2/ design a vented box with a certain shape (i know it when i see it), and then play with the resistance in the port.

You can use GM's clik test or look at the impedance curves to get some feedback that helps get it right.

dave
 
frugal-phile™
Joined 2001
Paid Member
GG said:
That paper would be great if you could find it. Do you have a title for it?

http://p10hifi.net/tlinespeakers/TLS/downloads/TedJordanAperiodic.pdf

What is the clik test?

I have a description somewhere from GM, but Terry O recently posted a desctiption and i have that handy.

There's another hi-tech solution available, I first heard about it on the old Bass List years ago when Greg Monfort (GM) suggested using a 1.5 Volt battery and a momentary contact switch to use for the "Click Test". When the switch or button is momentarily pressed the cone should move foreward (polarity test) and will emit a click, bonk or bonnnngg.
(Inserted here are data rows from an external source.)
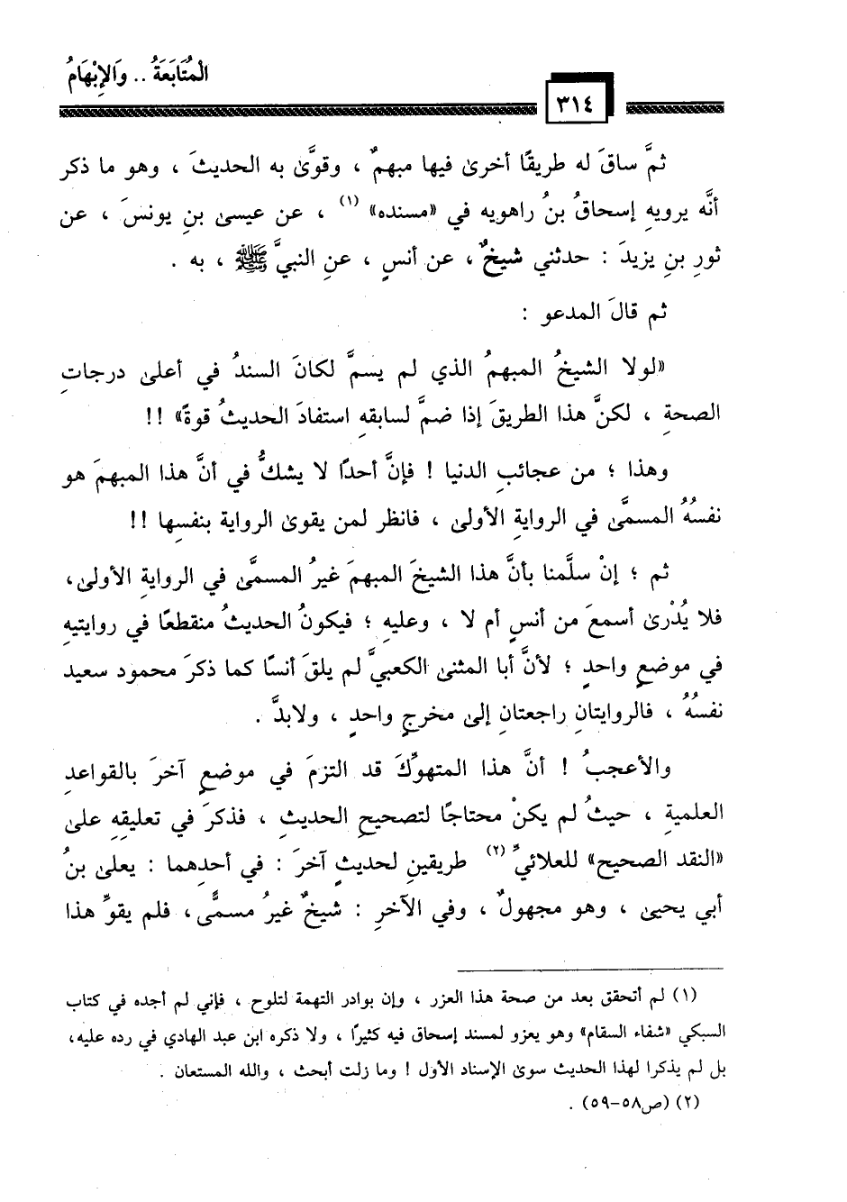 والأعجب! أن هذا المتهم قد التزم في موضع آخر بالقواعد العلمية، حيث لم يكن محتاجاً لتصحيح الحديث، فذكر في تعليقه على " النقد الصحيح " للعلائي (¬2) طريقين لحديث آخر: في أحدهما: يعلى بن أبي يحيى، وهو مجهول، وفي الآخر: شيخ غير مسمى، فلم يقو هذا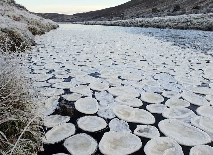Уникальное явление: «ледяные блины» в шотландской реке
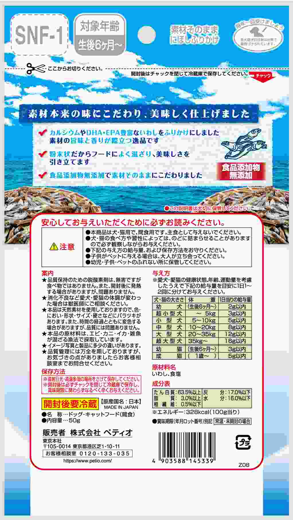食品添加物無添加で素材そのまま。粉末状だからフードに良く混ざり、美味しさを引き立てます。カルシウム・DHA・EPA豊富ないわしを使用。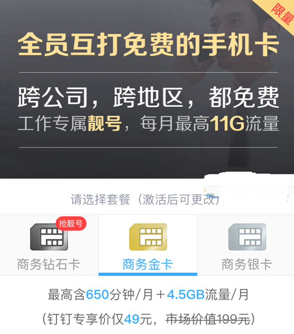 钉钉卡激活首月免月租使用;首次充值,充值金额大于等于100元送100元,大于等于50元送50元,大于等于30元送30元,大于等于20元送20元。最高赠送100元,赠送金额会在24小时内到账。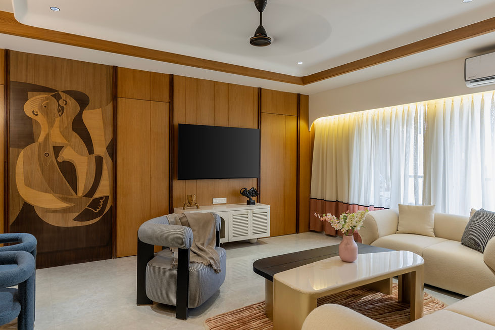 The Focal Wall: A stunning floor-to-ceiling wooden installation provides a warm, rhythmic backdrop to the television unit, balanced by a large-scale, cubist-inspired marquetry piece that introduces a sense of historical art into a modern setting.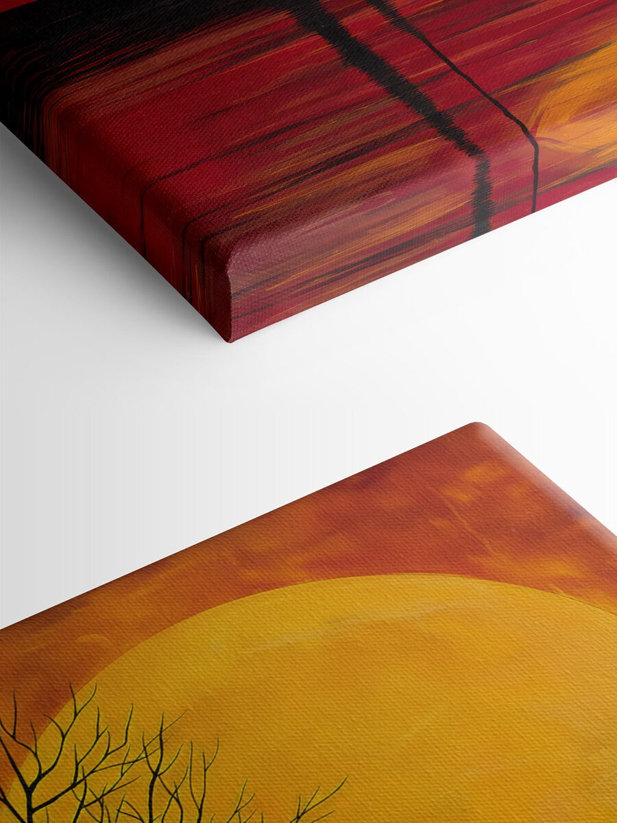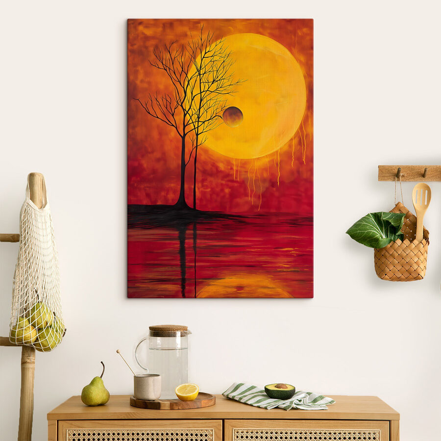 Odmień każdą przestrzeń dzięki temu czarującemu obrazowi na płótnie przedstawiającemu drzewo na tle księżyca. Wyobraź sobie, że popijasz ulubioną herbatę, wpatrujesz się w tę urzekającą grafikę i czujesz, jak ogarnia Cię fala spokoju. Bogate kolory tańczą razem, przywołując ten magiczny moment, gdy dzień zamienia się w noc. Idealnie nadaje się do ożywienia przytulnego kącika lub nadania wyrazu w salonie. Ponadto dodaje odrobinę piękna natury bez konieczności posiadania zielonego kciuka. Niezależnie od tego, czy wywołuje głębokie myśli, czy po prostu daje ciepłe, rozmyte uczucie, z pewnością będzie początkiem rozmowy. Idealny dla każdego, kto kocha unikalny wystrój z niespodzianką!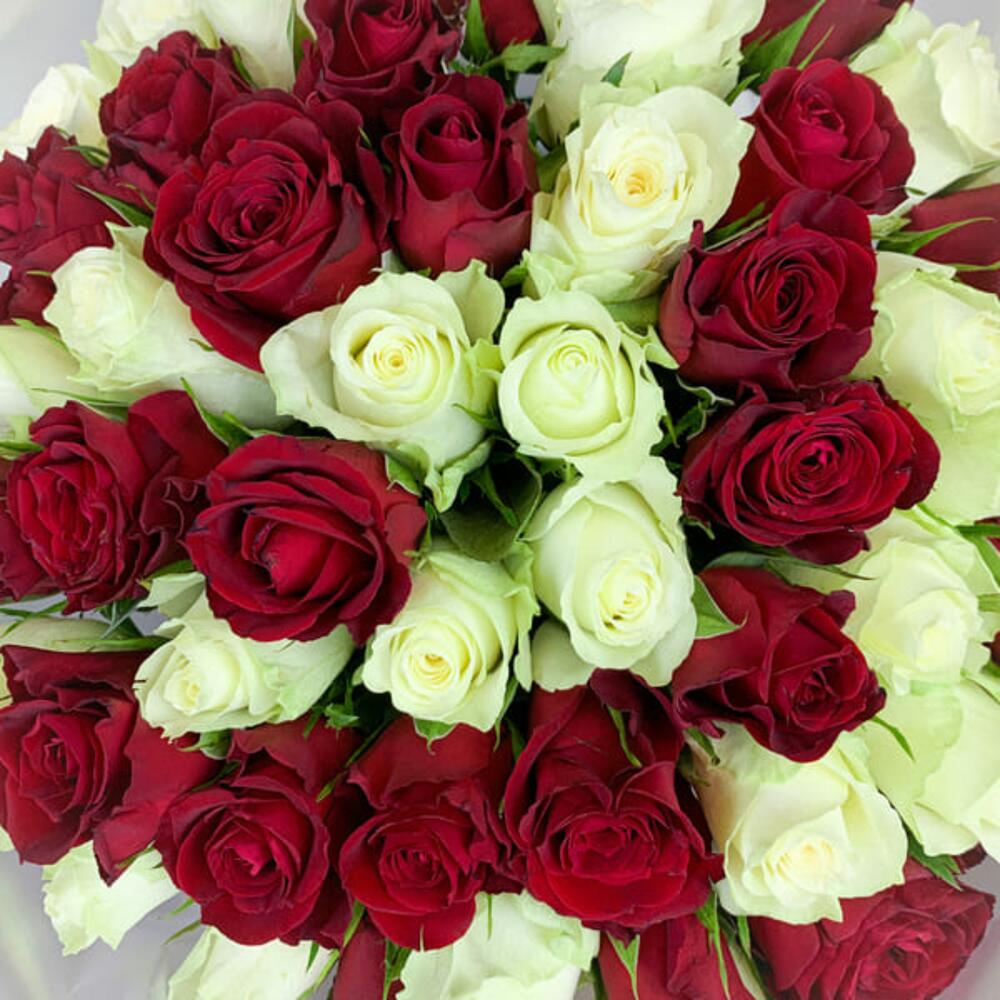 роза красная и белая кения 35-40 см – 51 шт.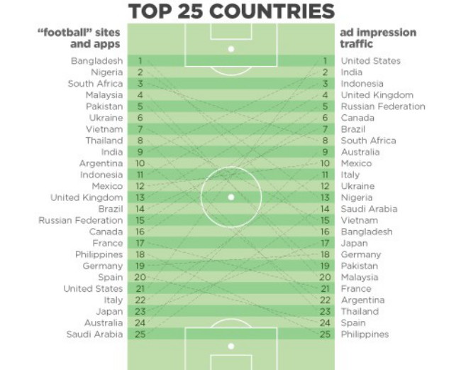 В ходе исследования выяснилось, что Азия и Африка потребляют больше футбольного контента на своих мобильных устройствах, чем США, Европа и даже Латинская Америка. По общему объему трафика лидирующие позиции занимают США, Индия, Индонезия и Великобритания. На пятом месте находится Россия. Однако картина меняется, если говорить об объеме трафика с футбольным контентом. Топ-25 стран по объему трафика к веб-сайтам и приложениям, посвященным футболу, возглавляют такие страны, как Бангладеш, Нигерия, Южная Африка, Малайзия и Пакистан. Россия в этом списке оказалась уже на 15 позиции.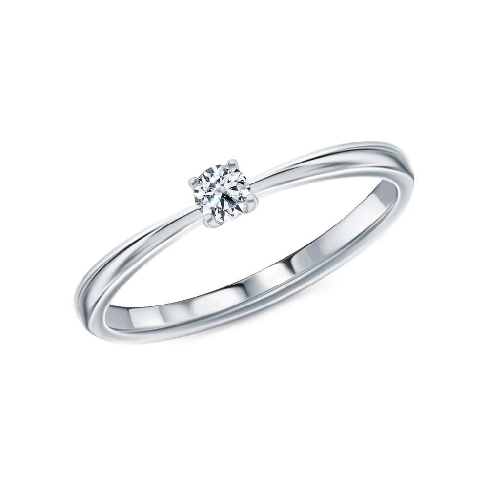 Кольцо «БРИЛЛИАНТЫ ЯКУТИИ» с 1 бриллиантом, 0.115 карат, огранка круг 57 граней, цвет 3, чистота 6, тип огранки А;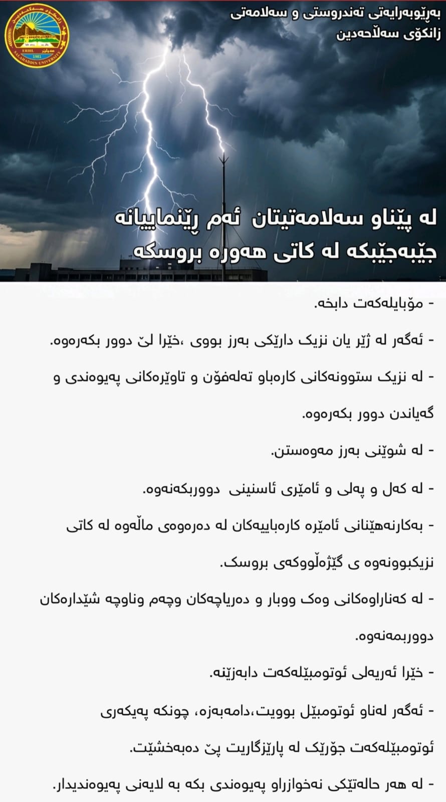 Monday, March 30, 2026 - 12:00 له پێناو سەلامەتیتان ئەم رێنماییانە جێ بەجێ کە بکە له کاتی هەورە بروسکە چۆن خۆت دەپارێزێیت؟ Gallery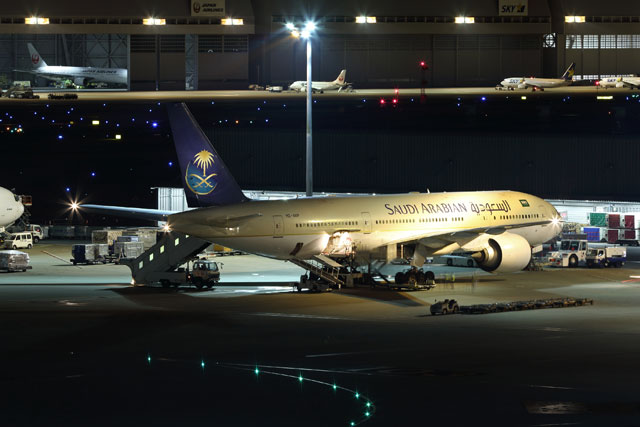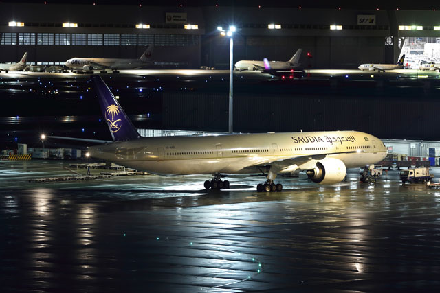 羽田で出発を待つサウディアのチャーター機777-200ER=17年3月16日 PHOTO: Shota DOKI/Aviation Wire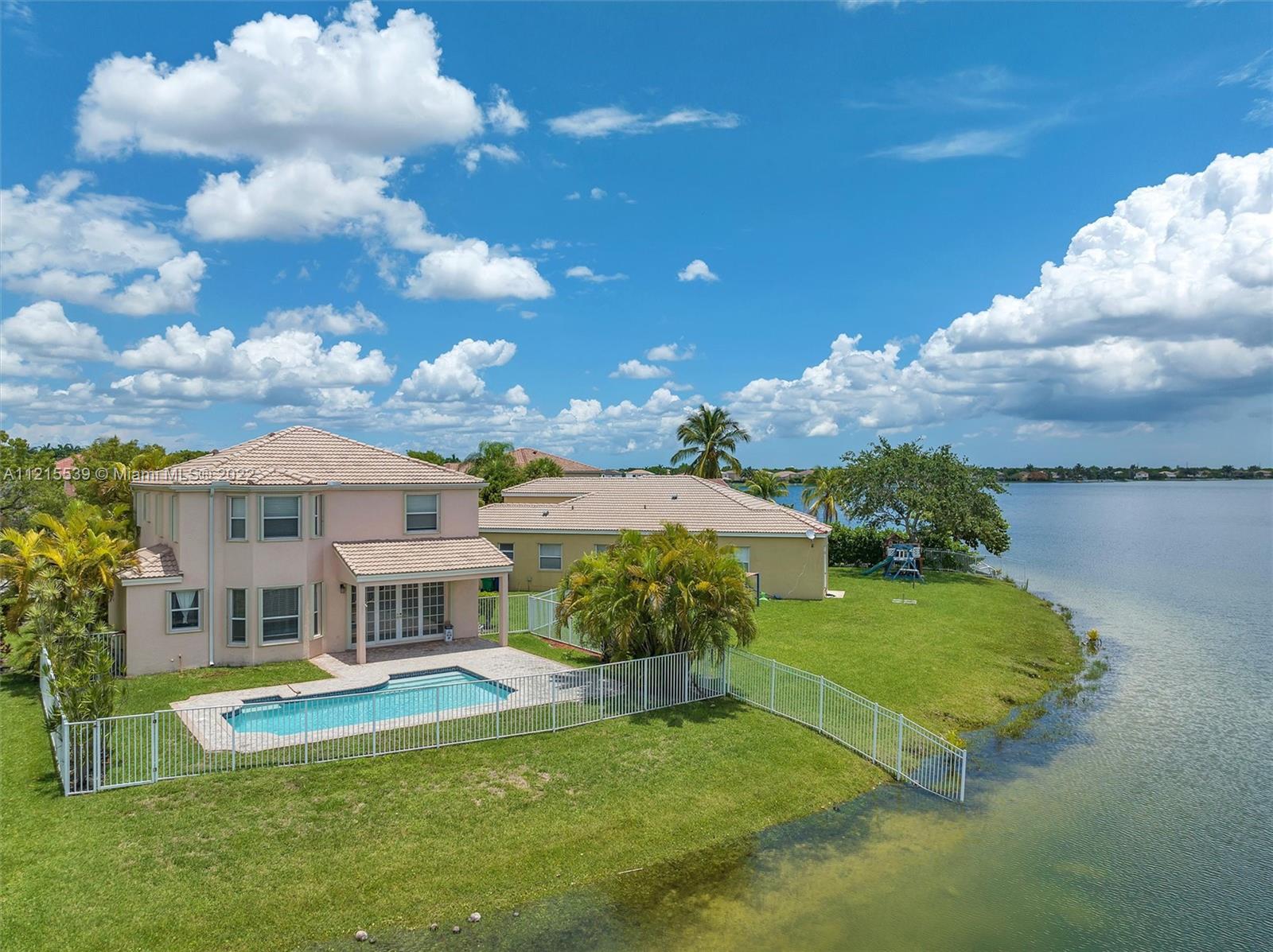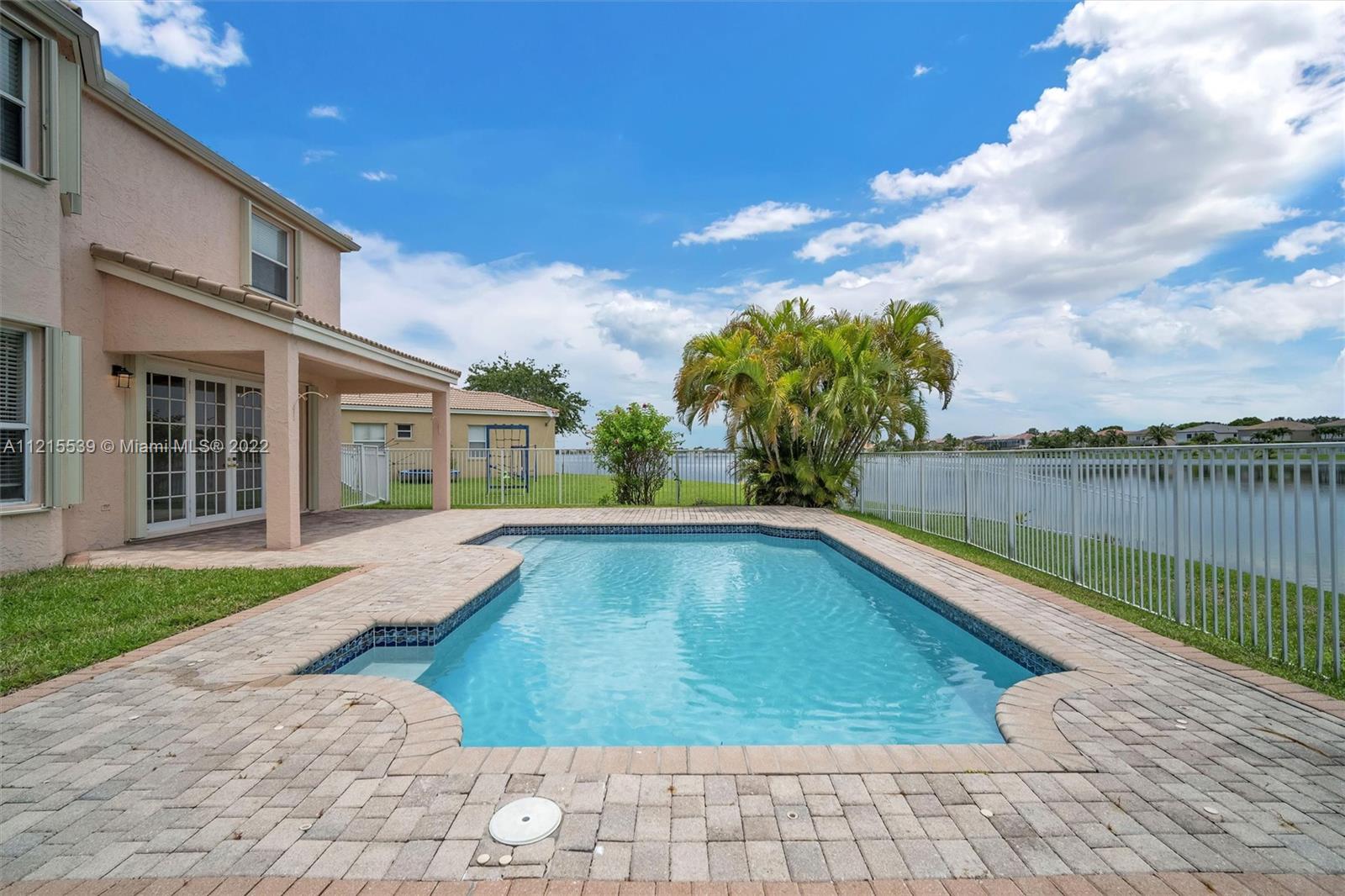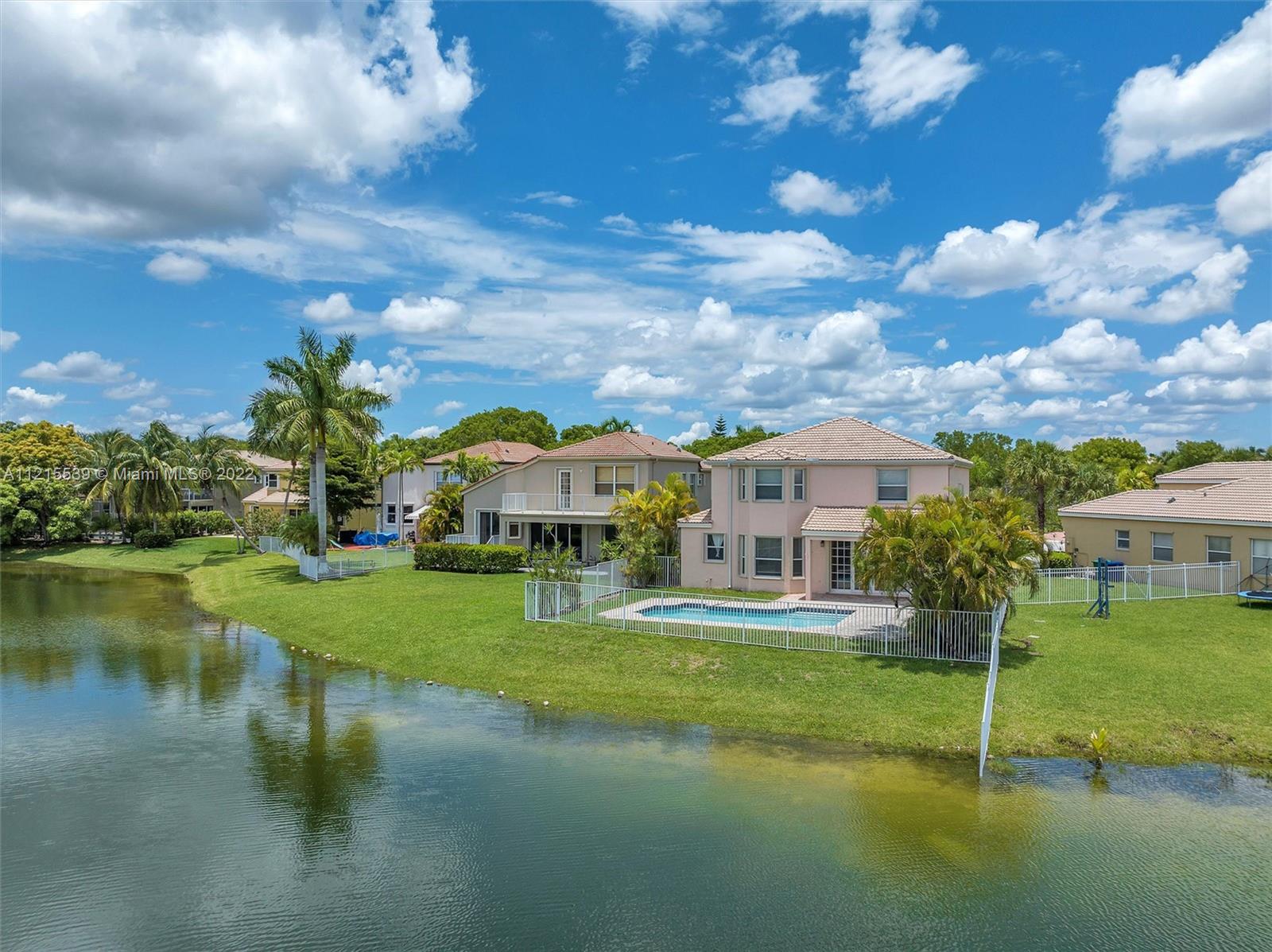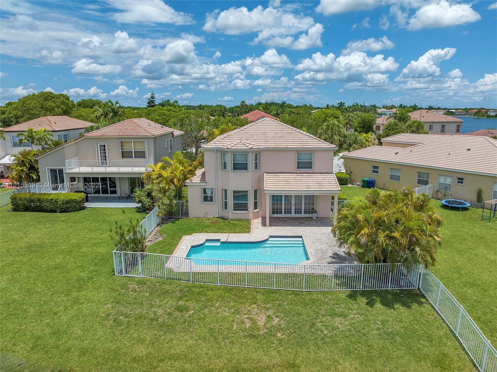 Superb tropical waterfront, pool,4 BR, 2.5 bath home in the manned-gated community of Riviera Isles in West Miramar. Huge upgraded kitchen w/ big pantry, island, wood cabinetry, granite counters, prep sink, stainless steel appliances, eat-in kitchen, more. Formal living room, formal dining, family rm, awesome new laundry room. All BR upstairs, large primary suite w/sitting area. Beautiful wide lake views, fenced yard, pool, covered patio. Resort Style amenities: manned gates, fitness center, lakeside clubhouse, tennis, basketball, huge community pool w/waterfall. Excellent location, Grade A schools. Close to Miramar Regional Park, Memorial Miramar Hospital, new shopping/dining, highways.

The fast recovery "click" sound with no overhang, echo or ringing is what you're shooting for. You can start at either end, adding stuffing to an empty box or removing stuffing from one already stuffed.

It's kinda fun to do and is very instructive, IMHO. Just keep one box unstuffed for your "control" unit. When you get to your best solution, just duplicate for the remaining speaker and you're done.

dave
 
Some one say aperiodic. Got to the baffles on my Wharfedales today.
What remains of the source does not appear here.